The big picture: AI is trendy, but making real world advances that will be noticeable in consumer products. Nvidia's latest Tesla T4 GPU will help bring down costs of services relying on cloud-based AI systems by offering better performance with relatively low power consumption.

Nvidia has launched a new AI data center platform using new Tesla T4 GPUs. The TensorRT Hyperscale Inference Platform is designed to accelerate inferences made from voice, images, and video.

Arriving with 320 Turing Tensor Cores and 2,560 CUDA cores, the Tesla T4 offers extensive number crunching abilities on a small PCIe form factor requiring only 75W. FP16 performance peaks at 65 teraflops, INT8 operations reach up to 130 teraflops, followed by INT4 at 260 teraflops.
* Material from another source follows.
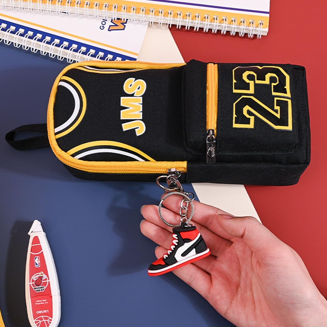 Materiale di qualità: realizzato in tela Oxford impermeabile e resistente con cerniera in metallo, antimacchia e lavabile, facile da pulire. Regalo perfetto: i fan che possono essere utilizzati per raccogliere e adatti per la memorizzazione di oggetti, il volume non è grande, fuori o in viaggio può essere facilmente trasportato, pratico e utile. Design a doppio strato: questo astuccio ha un design speciale che consente di riporre diversi oggetti in sezioni separate. È la perfetta combinazione di moda e funzionalità, un must have per l'uso quotidiano ovunque. Multifunzionale e multiuso: l'astuccio con grande capacità può essere utilizzato non solo come borsa per cancelleria, ma anche come borsa per il trucco, borsa da viaggio, ecc. Regalo ideale: questo astuccio per matite con bella custodia è un regalo perfetto per tutti gli appassionati di basket, ragazze adolescenti, bambini, ragazzi, bambini, uomini e donne.

A standard 16GB of GDDR6 memory results in bandwidth exceeding 320 GB/s

When working with video, the T4 can decode up to 38 full-HD streams simultaneously. New dedicated hardware transcoding engines effectively double the performance in this use case over previous generation hardware.

Nvidia's goal with the new platform is to offer real time processing with reduced latency in end-to-end applications. Different types of neural networks are required to handle making inferences on input media, which is why accelerating all of them on one architecture is no easy feat.

Tesla T4 GPUs are able to handle more than 40 times the number of queries compared to traditional CPUs by themselves when working with AI inference software. Note that Nvidia's comparison is to an 18-core Xeon Gold that retails north of $2,000.

Over the next five years, Nvidia has estimated that the AI inference market will reach $20 billion. Some customers helping Nvidia to realize that potential include Microsoft, Google, HPE, Dell EMC, Cisco, and IBM Cognitive Systems.

Early access to Tesla T4 GPUs on Google Cloud Platform is available upon request following review. Other major cloud providers will be implementing Nvidia's new GPUs shortly.